――「警察学校」という特殊な舞台のドラマなので、取材などもされたのでしょうか?
このドラマを木村拓哉でやると決まった3日後くらいに、本人から連絡があったんです。彼は行動がいつも早いんですけど(笑)、「ちょっと知り合いがいるから警察学校に行く」って。会社に内緒で行くっていうので、自分も会社に内緒で(笑)。ほかにもいましたけど、ほぼ2人っきりで警察学校に行きました。
――台本ができ上がってない当時に行かれたんですか?
そうです。君塚さんとまだ何回か打ち合わせをしているときですね。警察学校はこんなことしているところなんだっていう簡単な見学をさせていただきました。1日の流れだとか、授業の仕方とか、生徒たちのクラス分けとか、ひと通りお話を聞いて、なんとなく概要をつかんで帰りました。それでその後にスタッフと何回か行きましたね。卒業式も見せていただきました。
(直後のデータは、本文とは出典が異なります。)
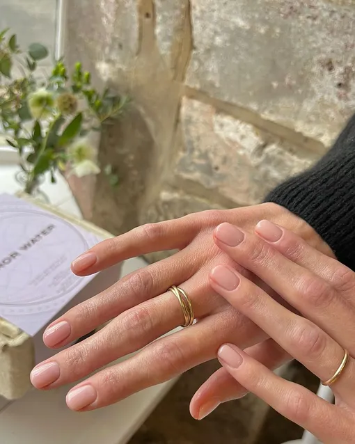 Идеальный вариант маникюра для девушек, одержимых стилем тихой роскоши. В этом дизайне нет ничего лишнего: только нейтральный оттенок и «дорогой» блеск.

――そうすると、撮影の風景やシーンなどはリアルなものなんですね。
そうですね、かなりリアルだと思います。訓練は各県で若干違いますが、「点検」と言って装具を全部出してチェックしたり、行進を毎日やって、卒業のときにはしっかりそろうように訓練したりというのは、ほとんど現実に沿っているはずです。
■女性キャストはヘロヘロに
――舞台あいさつで、出演者の皆さんが「1日中撮ったのに何秒かしか使われてなかった」と言っていましたが、本当に1日中訓練シーンを撮っていたんですか?
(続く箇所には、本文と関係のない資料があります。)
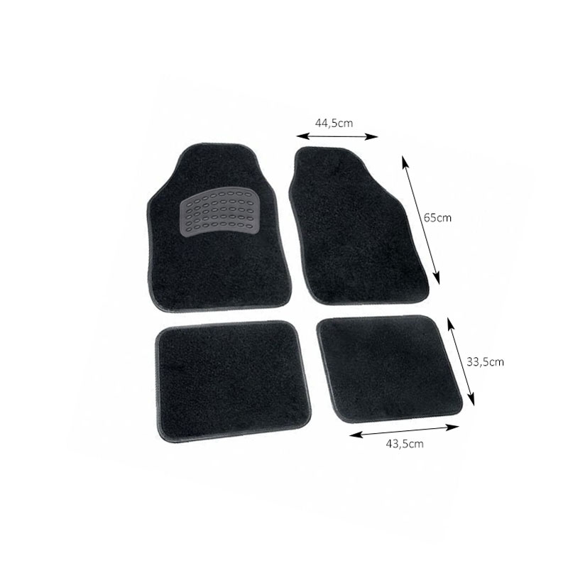 Σετ πατακιών αυτοκινήτου γενικής εφαρμογής, σχεδιασμένο για προστασία του δαπέδου και αναβάθμιση της εμφάνισης του εσωτερικού του οχήματος. Το σετ περιλαμβάνει τέσσερα πατάκια, δύο μπροστινά και δύο πίσω, καλύπτοντας πλήρως τις βασικές ανάγκες καθημερινής χρήσης.

おそらく盾を持って走るシーンのことだと思うのですが、本当にフラフラになったところを撮りたかったので3周くらいグラウンドを走らせてから撮ったりはしました(笑)。盾は本当に重くて、女の子はかなりかなりヘロヘロだったと思います。連帯責任なので助け合って、他の人の盾を持ってあげるというのも、実際にやることがあるそうです。
――カットをかけないで続けるということも出演者の方が言っていましたが、どういう意図があるんですか?
みんなのリアクションを撮りたいときは、長めに続けたりしますね。放っておくと続けるので、風間が「何か質問があるものは」と言ったら、生徒が「はい」と手を挙げて本当に質問をしだしたり…。だから面白くなってこっちももうちょっと見とこうかなと思って(笑)
●中江 功
1963年生まれ。法政大学卒業後、88年にフジテレビジョン入社。これまで演出を手掛けた主な作品は『愛という名のもとに』『ひとつ屋根の下』『若者のすべて』『ピュア』『ギフト』『眠れる森』『空から降る一億の星』『Dr.コトー診療所』『プライド』『ようこそ、わが家へ』など。映画『冷静と情熱のあいだ』『シュガー&スパイス 風味絶佳』『ロック ~わんこの島~』の監督も務める。